Caligari hace dar marcha atrás a su relato mental. Había llegado a Praga, recuerda, con una carta de recomendación de la Unión de Estudiantes Revolucionarios de Otrora —ese nombre era un eufemismo—, convencido de poder obtener una beca gracias a este apoyo. Se desencantó al entrar en contacto con la Unión Internacional de Estudiantes (UIE) en la capital checa, relata Laslo a una Myria cautivada. Un venezolano, Manuel Malaver, responsable del buró latinoamericano, lo recibió en su despacho, sus calcetines listados de rojo y azul acostados sobre una pequeña pila de expedientes. Sus zapatos, algo rústicos y pasados de moda, pero nuevos y relucientes, parecían de fabricación local. La industria del calzado checoslovaca tenía, igual que el cine, buena reputación en los países socialistas. Calzados Bata fue, en sus orígenes, una empresa checa que era ya una transnacional cuando los nazis la requisaron al invadir Checoslovaquia. En 1946, los comunistas la nacionalizaron y la firma se transformó en la Svit. Los zapatos de Malaver, cree Caligari, eran probablemente de esta marca.

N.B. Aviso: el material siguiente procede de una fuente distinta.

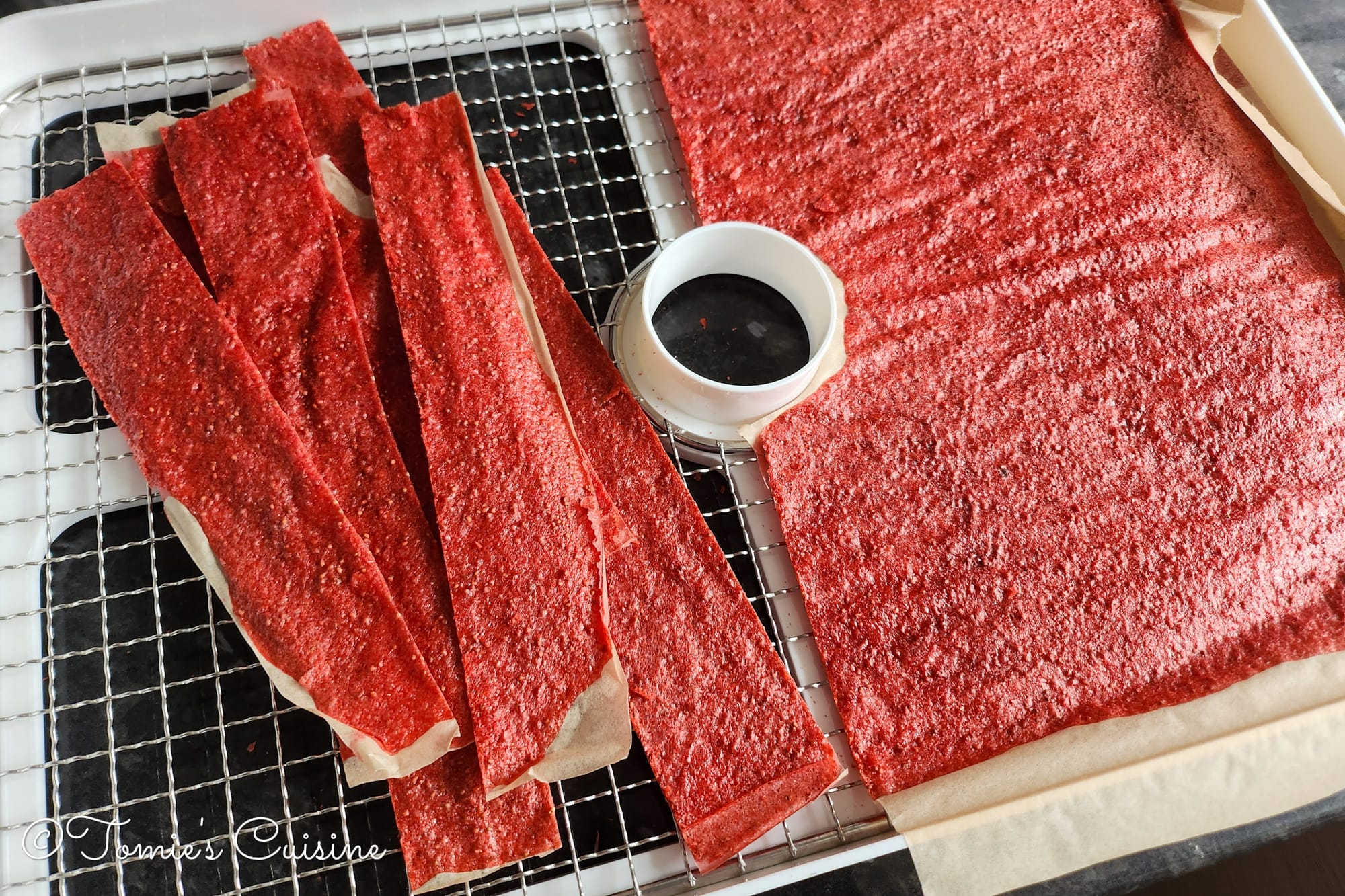 We found a kilo of strawberries in the reduced section at the local supermarket, so I made “fruit leather” for the first time, and it went surprisingly well. It’s also straightforward to make, so I don’t think I need to buy more chewy sweets! Now, whenever I see strawberries in the reduced section, I’ll get them and make fruit leather, especially when it’s in season. No food waste, and it makes my tummy happy! Win-win!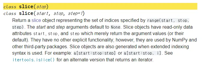 파이썬에서는 slice라는 built-in function을 통해 slice 객체를 생성할 수 있다. 공식 문서를 살펴보면,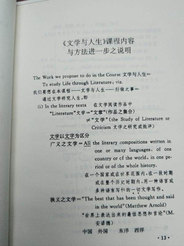 这几天,一直在读吴宓先生的《文学与人生》,是他上世纪三十年清华大学国学院时为研究生或高年级的学生开设的一门选修课的讲义。不再讲授此课时,吴宓先生曾亲手整理成两册,“文革”时期交西南师范学院毕业一学生代为保管,没想到这位学生后来竟不肯归还。吴宓先生的女儿吴学昭只能根据清华大学时的讲义整理,肯定没有吴宓先生自己整理的那么顺序清晰,体系完整。而是,得以出版也并不容易,印数肯定不多。比如老楚同志正在阅读的这本书就是盗版书。一本中外文混杂,图表和标识非课堂讲解,让人几乎无法看懂,类似《奇门遁甲》的天书,还有人盗版,也是吴宓先生不幸之中唯余的一点幸运。只是吴宓先生远远没有刘基先生、伯温那种进退自由的政治智慧,比如其公开反对批孔,就表现出一位知识分子方孝儒的刚正与迂腐。某种程度上讲,这种经历也知行合一地契合了吴密先生作为一位教育家的理想追求涵养心性,崇真去伪,培植道德,转移风俗,造成大同世界,促进真正文明。

Manuel Malaver devolvió la carta de recomendación al sobre blanco de donde la extrajo con cierta repugnancia. Recluyéndola en una de las numerosas gavetas de su escritorio viceministerial, le resumió la situación sin recurrir a perífrasis. Le dijo literalmente aquí no hay ninguna beca para ti, chico. Su acento nasal y cantado y su manera de transformar las jotas en soplidos sorprendió el oído de Laslo. Nunca antes había estado en contacto con caribeños de ninguna clase. Por si no lo sabes, prosiguió Malaver, decenas de jóvenes como tú llegan cada año a la UIE pensando de buena fe que la UIE era alguna forma de asociación de beneficencia o de sociedad de auxilios mutuos a la que uno expone su desiderata. Quiero una beca para estudiar cine o un posgrado en medicina o un entrenamiento de astronauta. ¿Y en lo que canta un gallo la UIE les debe dar en la yema del gusto? Se equivocaban. Triste es decírtelo, añadió sin demostrar mucha tristeza, ni siquiera inquietud por su situación, irregular. Te equivocaste, chico, o te equivocaron, aquí se llega con la beca en el bolsillo interior del paletó. Los becarios son seleccionados en sus propios países por las organizaciones de masas y de acuerdo a un protocolo estricto. La UIE no es una fábrica de diplomas, ni un albergue donde se añaden camas para hacer dormir juntos y revueltos a quienes tocan a sus puertas. Es problema tuyo, no de la Unión Internacional de Estudiantes, coño, procurarte dinero para marcharte del país cuanto antes. Y, entretanto, dijo alzando la voz, para encontrar alojamiento y sustento. El venezolano volvió a acostar los calcetines en el escritorio que ahora le parecía a Laslo el de una comisaría. Afuera estaba lloviendo. Lluvia de verano, se deslizaba, tibia y opaca, por las fachadas de piedra teñidas de hollín, de aspecto tan melancólicamente gótico. La Praga histórica, de Meyrink, de Kafka, de Seifert. La guardaría siempre en su memoria en un nicho consagrado al recuerdo de su primera estancia europea.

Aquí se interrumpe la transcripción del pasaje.